Aim of the task: Return, word for word, only the lines of the data below that lie between the line with "na 2006 rok." and the line with "Квартира расположена на", those two lines included.

Data supplied:

*** Begin section ***

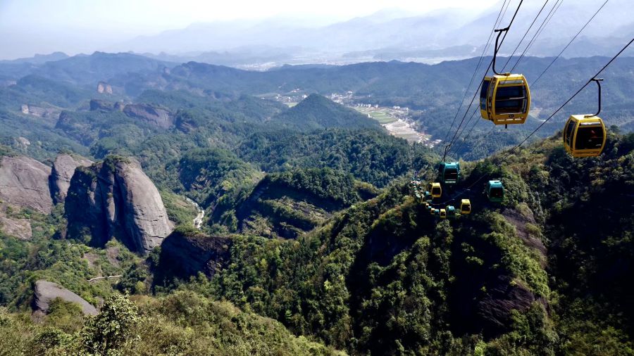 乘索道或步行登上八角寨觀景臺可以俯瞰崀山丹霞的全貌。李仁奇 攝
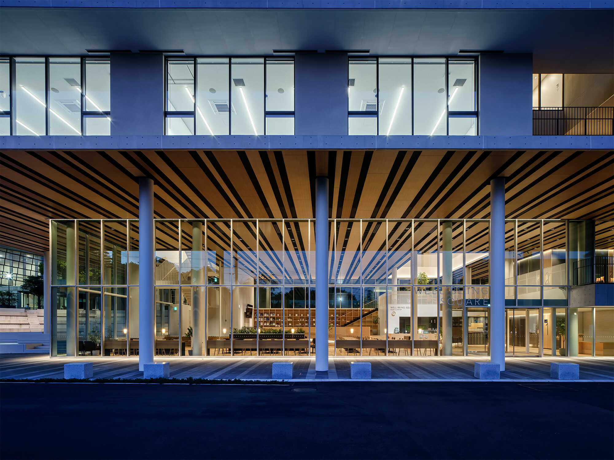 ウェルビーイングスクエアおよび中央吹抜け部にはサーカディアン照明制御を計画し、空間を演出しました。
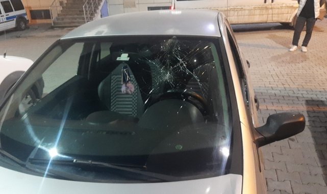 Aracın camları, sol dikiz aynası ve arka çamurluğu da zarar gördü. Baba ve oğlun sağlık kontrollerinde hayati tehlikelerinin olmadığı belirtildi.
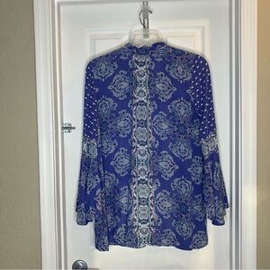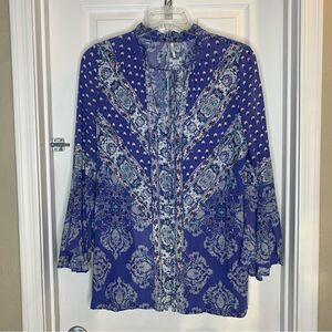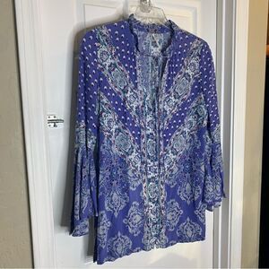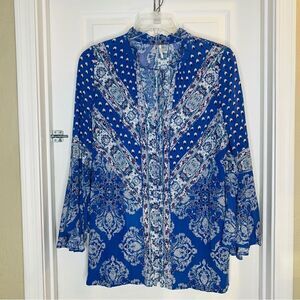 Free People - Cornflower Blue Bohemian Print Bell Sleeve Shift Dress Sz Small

*** End section ***
*** Begin section ***

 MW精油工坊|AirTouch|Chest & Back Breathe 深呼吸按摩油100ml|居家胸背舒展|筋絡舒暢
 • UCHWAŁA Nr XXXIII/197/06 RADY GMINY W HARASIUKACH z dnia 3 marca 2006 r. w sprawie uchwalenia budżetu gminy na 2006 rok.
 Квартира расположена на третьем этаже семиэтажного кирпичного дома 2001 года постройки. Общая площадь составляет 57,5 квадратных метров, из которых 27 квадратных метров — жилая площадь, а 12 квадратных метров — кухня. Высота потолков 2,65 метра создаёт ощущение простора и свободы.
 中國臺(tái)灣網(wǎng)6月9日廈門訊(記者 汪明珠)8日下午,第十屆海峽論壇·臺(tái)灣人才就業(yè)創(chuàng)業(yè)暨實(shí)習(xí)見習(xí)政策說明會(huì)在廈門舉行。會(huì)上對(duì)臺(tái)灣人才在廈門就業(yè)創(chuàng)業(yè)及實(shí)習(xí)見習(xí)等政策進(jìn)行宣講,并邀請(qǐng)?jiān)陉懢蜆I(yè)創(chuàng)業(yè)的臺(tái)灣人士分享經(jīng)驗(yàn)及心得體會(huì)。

*** End section ***

Response below:
 • UCHWAŁA Nr XXXIII/197/06 RADY GMINY W HARASIUKACH z dnia 3 marca 2006 r. w sprawie uchwalenia budżetu gminy na 2006 rok.
 Квартира расположена на третьем этаже семиэтажного кирпичного дома 2001 года постройки. Общая площадь составляет 57,5 квадратных метров, из которых 27 квадратных метров — жилая площадь, а 12 квадратных метров — кухня. Высота потолков 2,65 метра создаёт ощущение простора и свободы.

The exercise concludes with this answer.